In #5083 (comment) I wrote up a theory for how high scheduler load can lead to workers running out of memory, because the scheduler is slow to send them free-keys messages, allowing otherwise-releasable data to pile up. Is there a way to make the scheduler less in the critical path for workers to release memory? (This idea probably overlaps a lot with with / is a subset of #4982 and #3974. Also bear in mind that this theory is completely unproven and just something I made up.)

Could we somehow mark tasks as "safe to release", so workers know that when they've completed all the dependents of a task locally, they can release that task, since no other worker (or client) will need the data?

We can't say this at submission time, since we haven't yet scheduled dependencies. (Though tasks with only 1 dependency we could probably eagerly mark as releasable.) But maybe when we assign a task to a worker, we could also look through its immediate dependencies, and any of those that are already assigned to that worker, and have no dependents scheduled on other workers or unscheduled (and not requested by a client), could be marked as releasable.

This could have a nice balanced-budget property, where in many cases the scheduler couldn't hand out new tasks to workers without also giving them some tasks to release (in the future).

cc @fjetter @crusaderky @mrocklin

The text was updated successfully, but these errors were encountered:

mrocklin · 2021-07-25T15:21:04Z

In general I like this idea. It might be hard from a consistency perspective. In general it's nice if the scheduler marks a task as gone before the task goes away, rather than the other way around. We would want the scheduler to know that this task was not reliably present. This might increase complexity a bit on the scheduler's state machine.

Alternatively we go ahead and speculatively delete data. In the common case it's fine and in the uncommon case we accept that we'll have to recompute.

fjetter · 2021-07-26T10:52:52Z

Similar behaviour to what your are describing was one of the reasons for the deadlocks in the recent months. Doing this consistently is very difficult.

I think AMM #4982 will already remove most of the problems motivating this since AMM could remove replicas on most workers while few are still using it. The delay of deletion of data on these few workers should not destabilize an entire cluster.

FWIW, I believe we could implement something like this on worker side for the few instances where the worker has the complete information (e.g. it has all dependents of a task in memory) but I'm not sure if this is a very common case.

I would suggest to hold off until AMM is somewhat operational and then try to estimate whether we perceive this still to be a problem.

gjoseph92 · 2021-07-26T20:40:38Z

Would it help to address consistency by making it so once the scheduler has set this worker_releasable flag to True (or maybe this is even a transition state?), it treats the key as though it doesn't exist any more, and all responsibility for that key's lifecycle is handed off to the worker? So rather than trying to maintain consistency between the scheduler and worker (is this key gone yet?), we basically eliminate the state that needs to be made consistent. The only reason we can do that is because we're very strict about when keys can enter this worker_releasable state: we can guarantee no other worker or client will need them in the future, so why should the scheduler care anymore?

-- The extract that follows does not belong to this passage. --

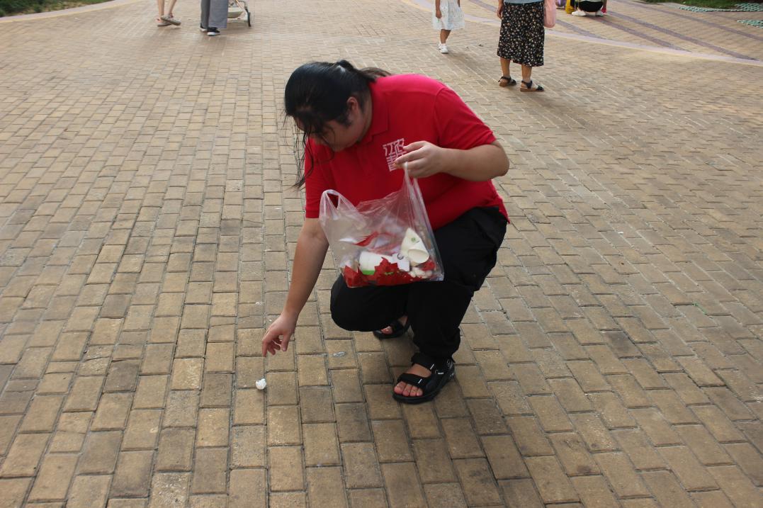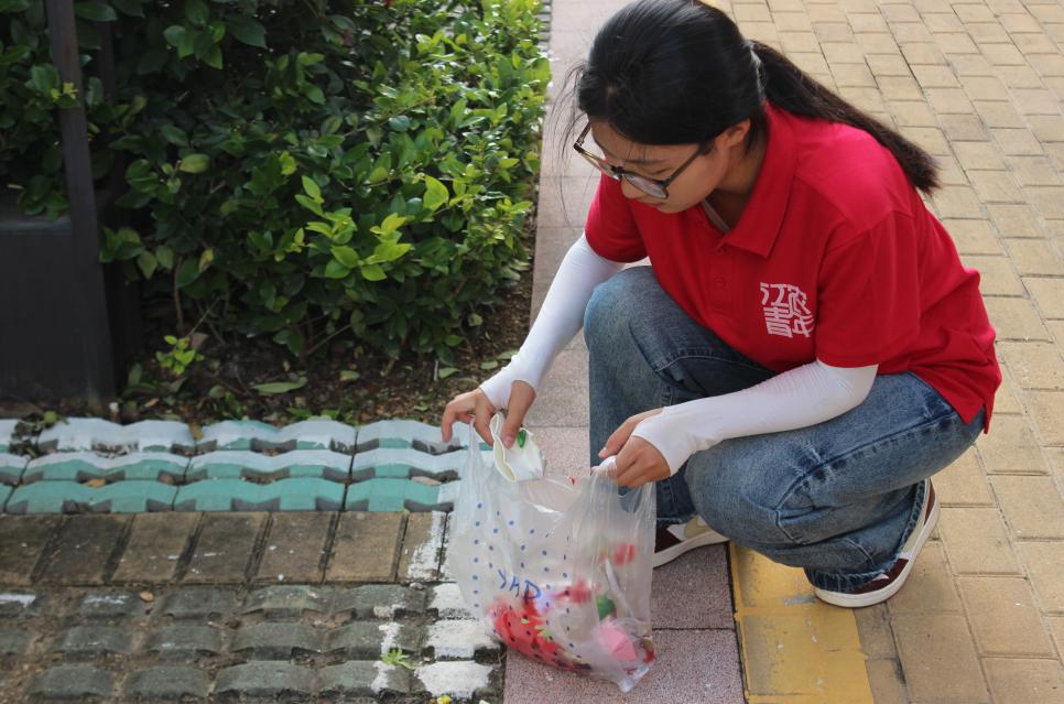 躬身踐行,凈化社區環境;青春擔當,共筑美麗家園。實踐隊全體成員積極響應“綠色社區”號召,深入榮景社區開展環境衛生整治行動。隊員們身著統一志愿服裝,對社區內的綠化帶、休閑廣場、樓道角落、停車區等公共區域進行了徹底清理。行動中,隊員們不放過任何一個衛生死角,細心撿拾草叢中的煙頭、紙屑、塑料瓶,清理積存垃圾,并將散亂停放的電動車輛逐一歸位,整齊擺放到指定區域。以實際行動美化家園,傳遞“共建共享”的文明理念。

the few instances where the worker has the complete information (e.g. it has all dependents of a task in memory)

I think this is exactly the case I'm talking about. If we expand it a tiny bit from "has all dependents of a task in memory" to "has—or is about to have with this message—all dependents of a task in memory", then I don't think it's that uncommon. Our goal with the root task colocation is basically to make this happen as often as possible—we hope that all the dependents of a task get scheduled on the same worker where that task already lives.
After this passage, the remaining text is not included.